A feature card for each group \ (F_ {n}^{a} \) A channel was calculated by using a 3 × 3 folding layer to the corresponding feature card. These produced feature cards, \ (F_ {1}^{a} \)Present \ (F_ {2}^{a} \)And \ (F_ {3}^{a} \)were further connected. Softmax functions along the timeline were applied on each place via the channel to calculate the timeness -map map.

The intermediate diagrams of each group have been linked together and the attention function diagrams. \ (M (x, y) \)were calculated by the Softmax function along the timeline.

The attention -weighted characteristic \ (\ mathop {f {} _ {n}^{g}} \ limits^{\ Sim} \) For each group was calculated by

Where \ ({M_n} {(x, y) _J} \) represents the weight of the timeness mask in \ ({(x, y) _J} \) Position, \ (F {} _ {n}^{g} \) represents the features generated in the intra group fusion module in groups, and \ (\ odot \) represents the multiplication of the corresponding elements one after the other.

The aim of the fusion module between groups is to aggregate the information from different time groups and create an HR residual card. In order to fully exploit the attention group's attention, we have connected these functional cards along the timeline to a three -dimensional block. In the meantime, a folding layer with a 1 × 3 × 3 folding core was used at the end of the three-dimensional dense block to reduce the channels. A two -dimensional poet block was placed for further fusion below, as shown in 4.

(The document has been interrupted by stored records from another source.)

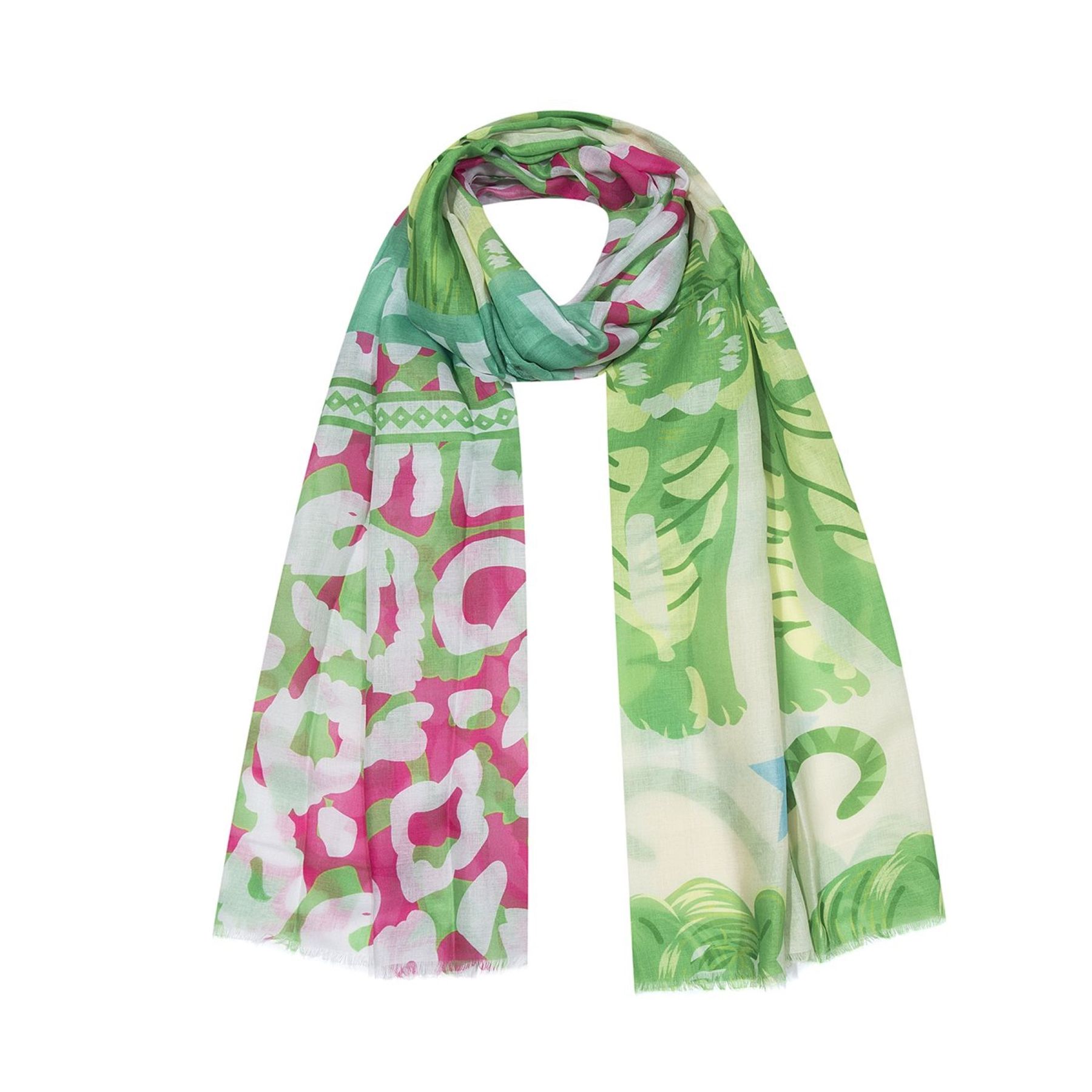 Leichter Strickschal Fransen Damen Accessoires Tigermotiv
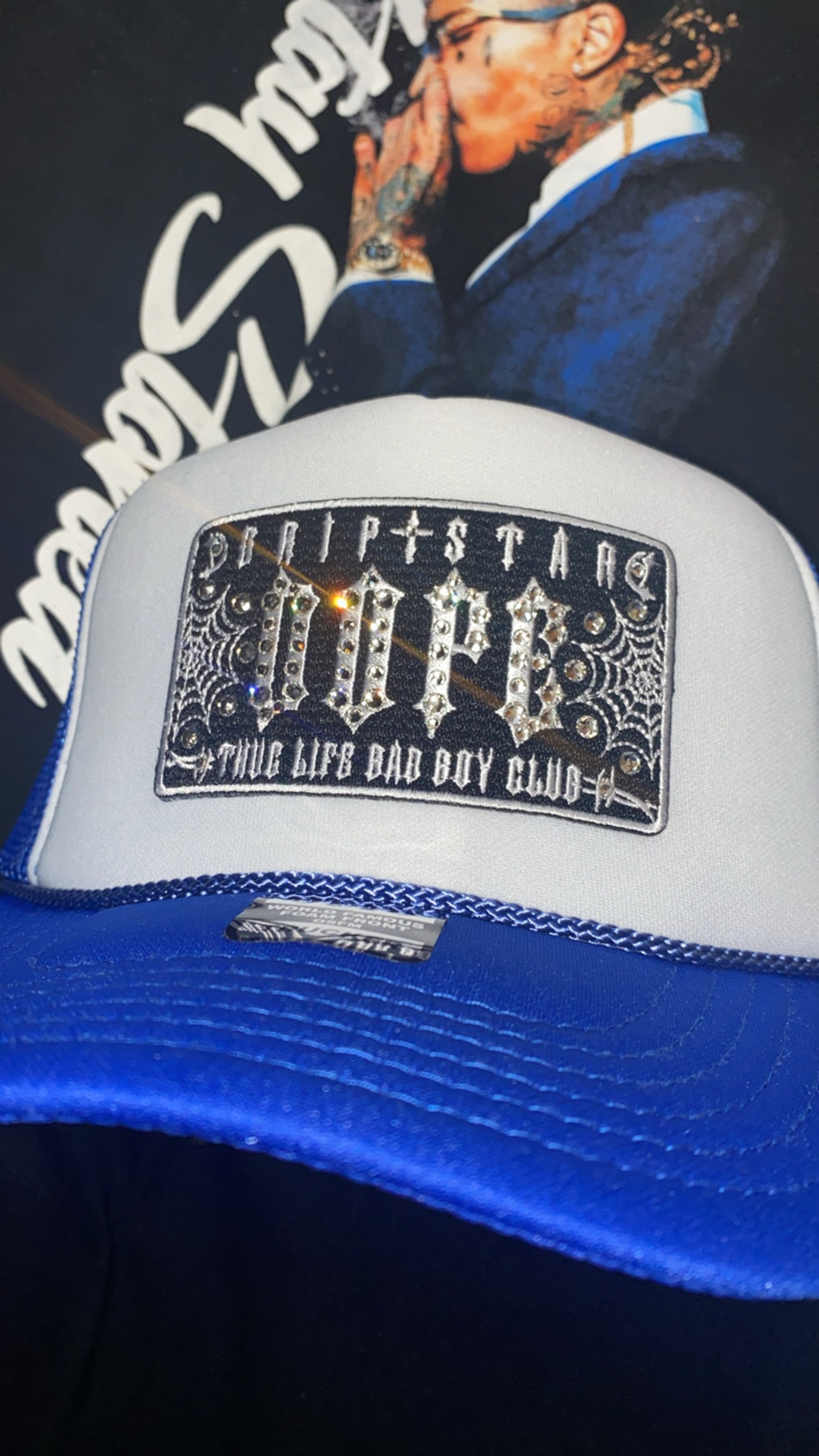 ✟DRIP⛧STAR™︎ "DOPEスワロフスキーカスタム"Mesh cap WT/BK ブルーメッシュキャップ uk drip us drip uk drill us drill trap boom bap street style ヒップホップ ストリート
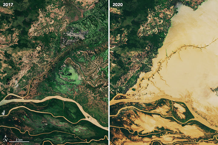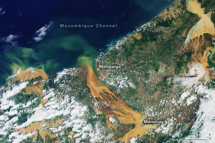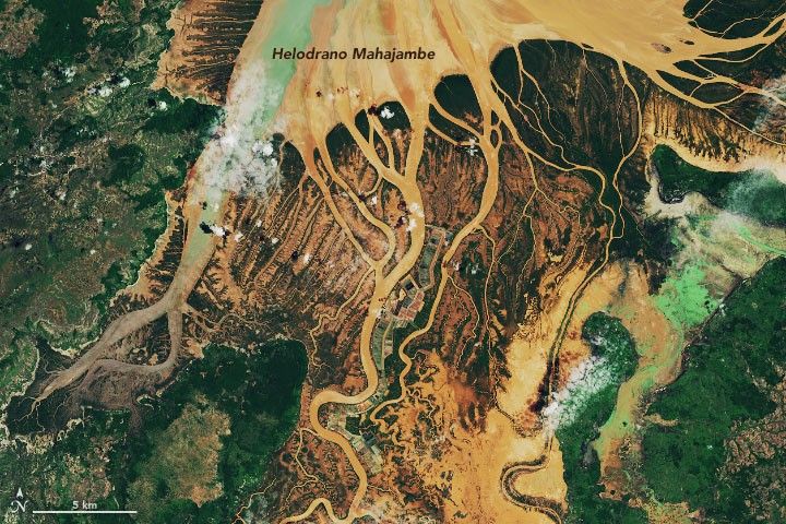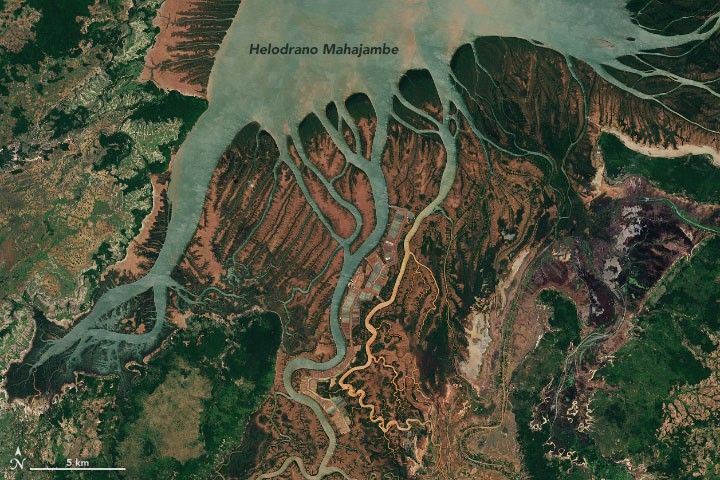 On January 27, 2020, the Operational Land Imager (OLI) on Landsat 8 captured natural-color images of sediment-filled rivers swollen out of their banks and pouring their outflow into Helodrano Mahajambe (Mahajambe Bay) in northwestern Madagascar. For comparison, the second image in each pair shows the same area under more typical seasonal conditions on January 18, 2017.
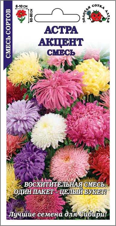 Великолепная смесь астр различных сортотипов, специально подобранная для оформления всех видов цветников. Крупные махровые соцветия поражают разнообразием форм и радуют многообразием ярких оттенков. Сорта характеризуются обильным и продолжительным цветением, подходят для посадки в вазоны и балконные ящики, используются для срезки в букеты.

Finally, a reconstruction module, which resembles the super resolution with a single image, contains the fully merged features through deep-to-space operation. The merged features were sent in six cascaded remaining blocks and the subpixel folding layer for reconstruction, and after processing the corresponding remaining map was generated. At the same time, the final HR video frames were generated by adding the original video residual card to be generated by scanning the Bicubian interpolation.